The study referred to by Beck and Barton was conducted by Donald S. Lutz of the University of Houston. Lutz published his findings in a 1984 article in The American Political Science Review, and misrepresentations of it began appearing a few years later. The first one was in John Eidsmoe's 1987 book Christianity and the Constitution, which was soon followed by the version most often seen today -- the one created by David Barton in his 1988 book The Myth of Separation.

What revisionists like Barton typically do to distort this study is to accurately present some of the charts of the study's findings, but omit the parts of Lutz's explanations of these findings that explain what the numbers in the charts actually mean. That way they can just replace the real explanations with whatever they want their followers to think the numbers mean.
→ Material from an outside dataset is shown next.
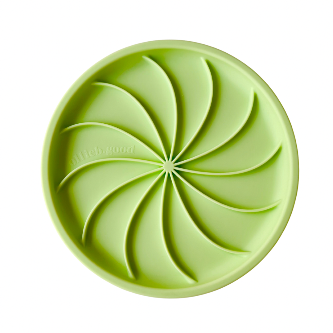 The wheelies lick mat & lid measures 7.5” in diameter and 1.5cm tall. It is designed to fit perfectly on top of our Zoomies Slow Feeder bowl.
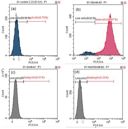 tert-butyl hydroperoxide (t-BHP), which is more thermodynamically stable than H2O2, was used to induce oxidative stress. Cells were collected after gentle pipetting and an initial cell density of 1 × 106 cells mL−1 was seeded on a six-well plate. After 30 min, fresh media containing t-BHP was added to final concentrations of 3, 6, 9, 12, 15, 50, 100, and 200 mM. After a 6 h incubation, treated cells were collected directly in the 15 mL centrifuge tubes and washed twice at room temperature in 0.1 M cold PBS buffer. Cell pellets were resuspended in 5 µL 7AAD staining solution, incubated in the dark at room temperature for 15 min, and cells were analyzed within an hour. Using the flow cytometer (Beckman Coulter Cytoflex, Indianapolis, IA, USA), Forward scatter (FSC) vs. Side scatter (SSC) gates were set appropriately to exclude debris and cell aggregates, untreated cells (negative control) stained with 7-AAD were used to define the basal level of dead cells and set up the necessary laser compensation, and the 7-AAD fluorescence was collected at the FL3 channel.

So, let's start with what Barton said on Beck about the writings of the founders: "34% of their quotes came out of the Bible." That comes from this chart in Lutz's study.

Lutz chart 1

Now, based on this chart alone it really does appear that 34% of the citations in the documents studied came from the Bible. That's because they did. And, without Lutz's explanation of this figure, this chart would seem to support Barton's claim that the Bible, more than any other source, influenced the political thought of the founders.

But let's take a look at Lutz's explanation of that chart:

"…From Table 1 we can see that the biblical tradition is most prominent among the citations. Anyone familiar with the literature will know that most of these citations come from sermons reprinted as pamphlets; hundreds of sermons were reprinted during the era, amounting to at least 10% of all pamphlets published. These reprinted sermons accounted for almost three-fourths of the biblical citations…"

So, in other words, about three-quarters of all the Bible citations that make up that 34% came from sermons, a sub-category of just one of the categories of the types of documents used in the study, and "anyone familiar with the literature," as Barton incessantly claims to be, would know that. And this bumps the Bible down into the range of classical influences for all the documents that weren't sermons, and moves the enlightenment and whig influences into the number one and two spots for all the documents that weren't sermons.

But, of all the findings in this study that are omitted by Barton and the other revisionists, none are nearly as important as those found in the section of Lutz's article titled "The Pattern of Citations from 1787 to 1788."

As seen in the first chart, Lutz broke down the number of citations from all sources by decade.

Lutz chart 2

But, in addition to this, he also singled out the writings from 1787 and 1788, the crucial two year period when our government was actually being formed. The revisionists completely omit this part of the study. Why? Because Lutz found hardly any biblical citations during the time that the Constitution was being written and debated in the press, and, on top of that, not a single one of these biblical references were found in any of the federalist writings in support of the Constitution. The only ones he found were used by the anti-federalists to argue against the Constitution.